### Instructions to follow
The answer must consist solely of the lines below starting at the one containing "ফেনির আয়না নামক" and ending at the one containing "This stunning bracelet", repeated exactly, with both ends included and all pictures omitted.

### Records for processing
──────────────────────────────
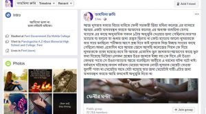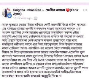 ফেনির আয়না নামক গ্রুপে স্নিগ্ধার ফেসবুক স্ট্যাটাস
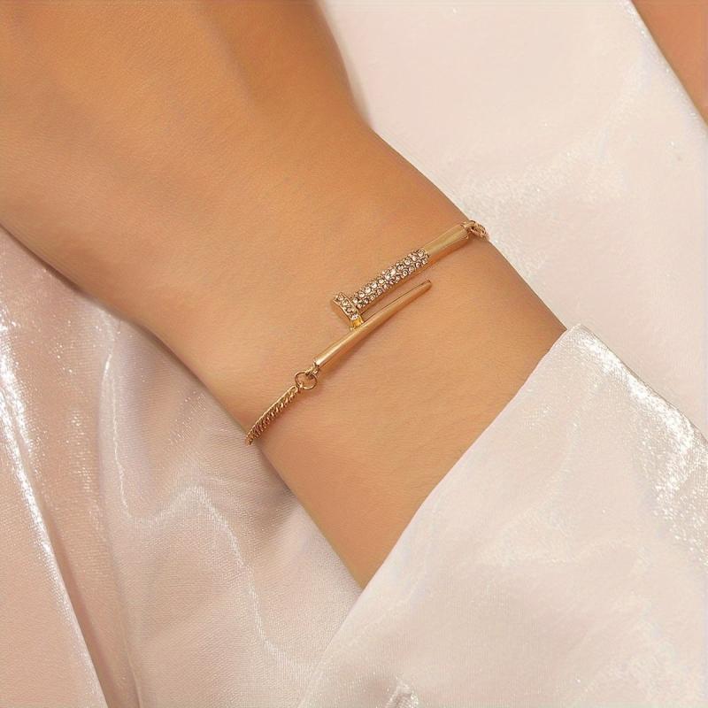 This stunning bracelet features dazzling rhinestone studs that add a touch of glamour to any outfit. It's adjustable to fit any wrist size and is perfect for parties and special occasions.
──────────────────────────────
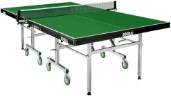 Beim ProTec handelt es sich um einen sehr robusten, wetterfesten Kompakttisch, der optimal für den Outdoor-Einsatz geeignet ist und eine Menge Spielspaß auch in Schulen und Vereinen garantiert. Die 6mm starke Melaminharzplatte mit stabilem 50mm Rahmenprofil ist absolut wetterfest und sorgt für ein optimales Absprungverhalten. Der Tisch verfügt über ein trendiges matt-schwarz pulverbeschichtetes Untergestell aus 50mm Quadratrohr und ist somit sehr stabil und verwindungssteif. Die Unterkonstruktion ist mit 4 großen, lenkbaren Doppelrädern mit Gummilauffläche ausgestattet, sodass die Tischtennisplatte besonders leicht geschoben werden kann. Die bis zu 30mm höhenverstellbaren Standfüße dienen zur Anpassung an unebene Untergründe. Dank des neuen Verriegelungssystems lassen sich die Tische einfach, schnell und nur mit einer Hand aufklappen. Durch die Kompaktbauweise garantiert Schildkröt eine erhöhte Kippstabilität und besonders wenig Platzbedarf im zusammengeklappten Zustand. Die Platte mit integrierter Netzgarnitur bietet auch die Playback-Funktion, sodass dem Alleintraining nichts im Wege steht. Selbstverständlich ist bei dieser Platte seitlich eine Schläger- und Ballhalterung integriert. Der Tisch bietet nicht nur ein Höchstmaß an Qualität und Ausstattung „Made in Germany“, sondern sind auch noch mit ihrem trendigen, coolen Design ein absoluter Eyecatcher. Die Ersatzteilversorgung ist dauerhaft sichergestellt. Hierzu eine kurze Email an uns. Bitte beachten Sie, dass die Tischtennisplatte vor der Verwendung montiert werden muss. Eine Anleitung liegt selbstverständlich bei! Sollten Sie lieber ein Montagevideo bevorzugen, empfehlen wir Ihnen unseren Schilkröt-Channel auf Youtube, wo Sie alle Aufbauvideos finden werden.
──────────────────────────────
### Response to this exercise
 ফেনির আয়না নামক গ্রুপে স্নিগ্ধার ফেসবুক স্ট্যাটাস
 This stunning bracelet features dazzling rhinestone studs that add a touch of glamour to any outfit. It's adjustable to fit any wrist size and is perfect for parties and special occasions.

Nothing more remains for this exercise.